Outside of China and Japan, microvans are also common in Southeast Asia, South Asia, Africa, Latin America, and the Middle East. Microvans share similar characteristics with other-sized MPVs; for instance, microvans commonly have rear sliding doors. Generally, they have capacity for six, seven, or eight passengers. As this category of vehicle has fixed third-row seats, a single vehicle cannot be used both for passenger transport and larger-cargo transport without refitting; therefore, microvans are not usually considered multi-purpose vehicles.

Economics
Tax and insurance benefits in some locations make these models particularly inexpensive. For example, in rural Japan, kei-car vehicles are exempted from a certification that adequate parking is available for the vehicle. They are, therefore, widely used for small businesses in these places.

Design
The first vehicle to adopt the bodystyle of a van, with the engine installed in front of the driver, was the 1970s Honda Life "StepVan". Some microvans use a drivetrain with the engine installed transversely, using front- or all-wheel drive, while others use a cabover approach where the engine is installed beneath the driver, while still using all-wheel or rear-wheel drive powertrains. Cabover variants usually share their chassis with kei truck derivatives from the same manufacturer.

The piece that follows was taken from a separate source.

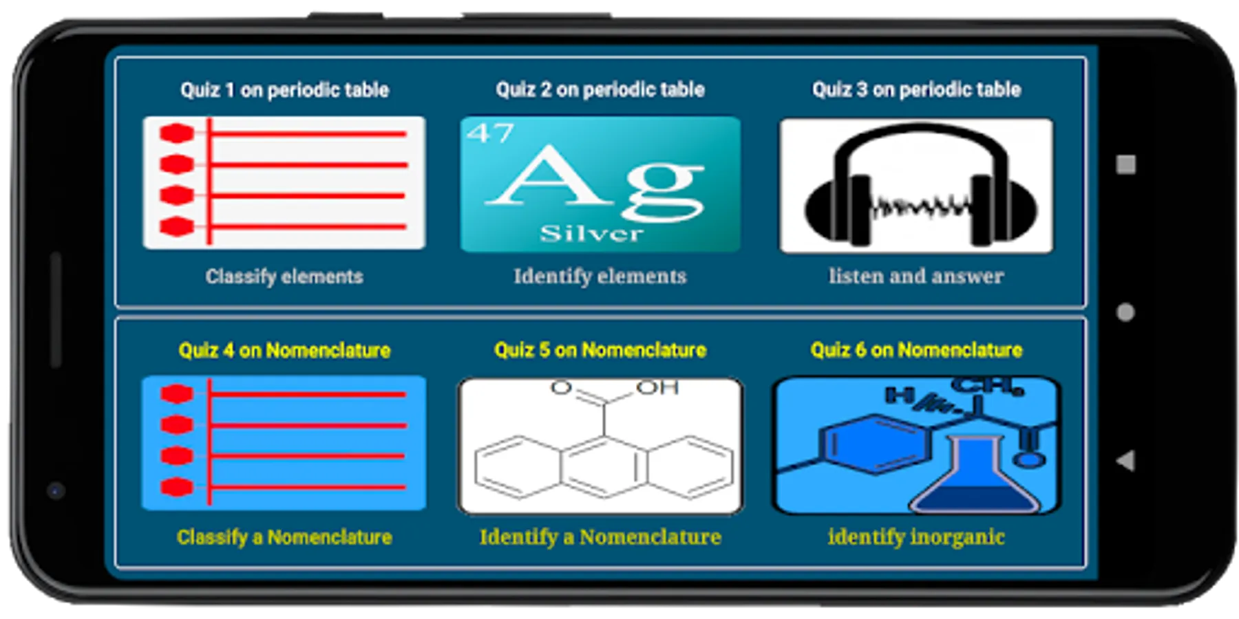 - Application features : (Elements names, elements formulas, simple quiz on elements)

Most microvans have two swinging front doors, two sliding rear doors and a large tailgate. Seating can vary from two to nine; these seats are usually very thin and vertical to optimise room. The side windows in commercial-only versions of microvans are replaced by metallic panels; this type of microvan is sometimes called a "blind van". Some models also feature pick-up variants with one or two seat rows. Engines usually have displacements under 1.0 L; for example, Japanese microvans have a limit of 660 cc. Outside the Japanese market,  microvans are available with 850-cc to 1.6-L engines.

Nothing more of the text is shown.